Predictions for training cases are then made by averaging the
predictions from the networks selected from each of these runs, a
process somewhat analogous to the averaging done when making
predictions for a Bayesian model based on a sample from the posterior
distribution.

Neural network training using early stopping and ensembles is
described by Carl Rasmussen in his thesis (available at
mlg.eng.cam.ac.uk/pub/pdf/Ras96b.pdf), and in a paper of mine on
``Assessing relevance determination methods using DELVE'' (see my web
page).

To demonstrate how the software can be used to do gradient descent
learning, early stopping, and prediction using ensembles, I will show
here how these methods can be applied to the binary response problem
used as an example earlier (see Ex-netgp-b.doc).

The data and command files for these examples are in the "ex-gdes"
directory.


Gradient descent learning for the binary response problem.

First, we will see how to use the software to set the network
parameters so as to minimize error (minus the log likelihood) on the
entire training set, or at least to get as close to the minimum error
as we can using gradient descent optimization.  We can then see how
well this network performs on test data.

To start, we need to specify the network architecture.  This is done
using the same sort of command as is used for Bayesian networks,
except that the prior specifications are simply "+" or "-", indicating
whether the corresponding sets of weights are present or absent.  The
following command creates a network with two inputs, one layer of 15
hidden units, and one output unit, with input-hidden weights, hidden
biases, hidden-output weights, and an output bias:

    > net-spec blog.gd 2 15 1 / ih=+ bh=+ ho=+ bo=+

The "+" is actually translated to a very large number, with the result
that the "prior" for these parameters has virtually no effect.
Instead of a "+", one can put a positive number, s, which produces the
effect of "weight decay" with penalty equal to the sum of the squares
of these weights times 1/(2*s^2).  More elaborate hierarchical priors
are meaningless if training is to be done by gradient descent.

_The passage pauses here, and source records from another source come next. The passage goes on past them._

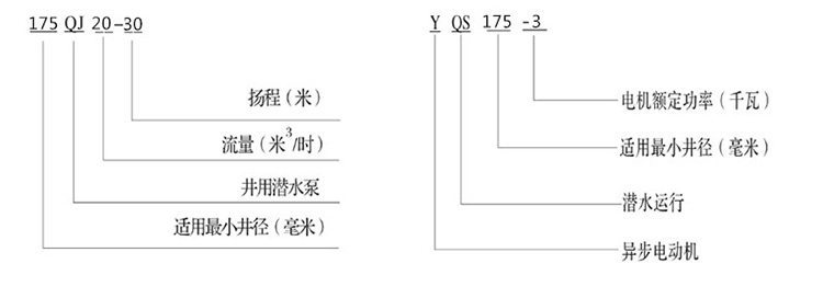 175QJ深井潛水泵主要性能參數(shù):
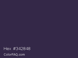 Hex #342848 Color is a very dark violet color and the nearest color is Martinique #363050. Hex code #342848 and RGB value is rgb(52,40,72). In RGB color space, this color is composed of 20% red, 16% green, 28% blue, In CMYK color space, this color is composed of 28% cyan, 44% magenta, 0% yellow , 72% black , In HSL color space, this color has a hue angle of 263° , 29% saturation and 22% lightness.
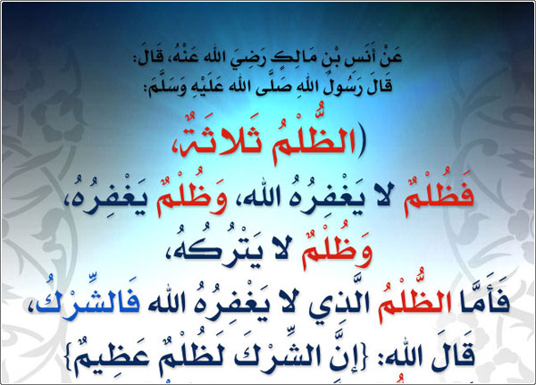 الظلم ثلاثة فظلم لا يغفره الله وظلم يغفره وظلم لا

Next, we must specify the data model.  For this problem, the response
is binary, and we use a model in which the probability of a response
of 1 is found by passing the output of the network through the
logistic function.  The following command specifies this:

    > model-spec blog.gd binary

When the response is real, a noise standard deviation of 1 would
conventionally be used, which causes minus the log likelihood to be
half the squared error.

The location of the data is specified as for Bayesian networks:

    > data-spec blog.gd 2 1 2 / bdata.train . 

For these examples, the 300 training cases are stored in bdata.train
(one per line, with the two inputs coming first).  The 1000 test cases
are in bdata.test, but this is not mentioned above.  The reason for
doing things this way (rather than putting all the data in one file)
will be apparent when we get to the examples using early stopping.

Finally, we can train the network using gradient descent, with the
command:

    > net-gd blog.gd 200000 1000 / 0.4 batch

This does 200000 iterations of "batch" gradient descent (ie, with each
update based on all training cases), with networks being saved in the
log file every 1000 iterations.  The software also supports "on-line"
gradient descent, which is often faster to converge initially, but
does not reach the exact optimum.  See net-gd.doc for details.

The stepsize to use for gradient descent learning is specified as
well; here it is 0.4.  If learning is unstable (ie, the error
sometimes goes up rather than down), the stepsize will have to be
reduced.  Net-gd does not try to determine relative stepsizes itself,
but stepsizes for groups of parameters can be set individually.

The above command takes 7.2 seconds on the system used (see
Ex-test-system.doc).  While waiting (if you have a slower computer),
you can monitor progress using net-plt.  For example, the progress of
the training error can be viewed with the command:

    > net-plt t l blog.gd | plot

Individual networks can be displayed using net-display.  For example,

    > net-display -p blog.gd 1000

displays the network at iteration 1000.  The "-p" option shows the
parameter values only, suppressing the hyperparameter values, which
are meaningless with this model.

Once training has finished, we can make predictions based on the last
network, which should have the lowest training error.  The following
command prints a summary of performance at predicting the cases in
bdata.test, both in terms of the log probability assigned to the
correct target value and in terms of the error rate when guessing the
target:

    > net-pred mpa blog.gd 200000 / bdata.test .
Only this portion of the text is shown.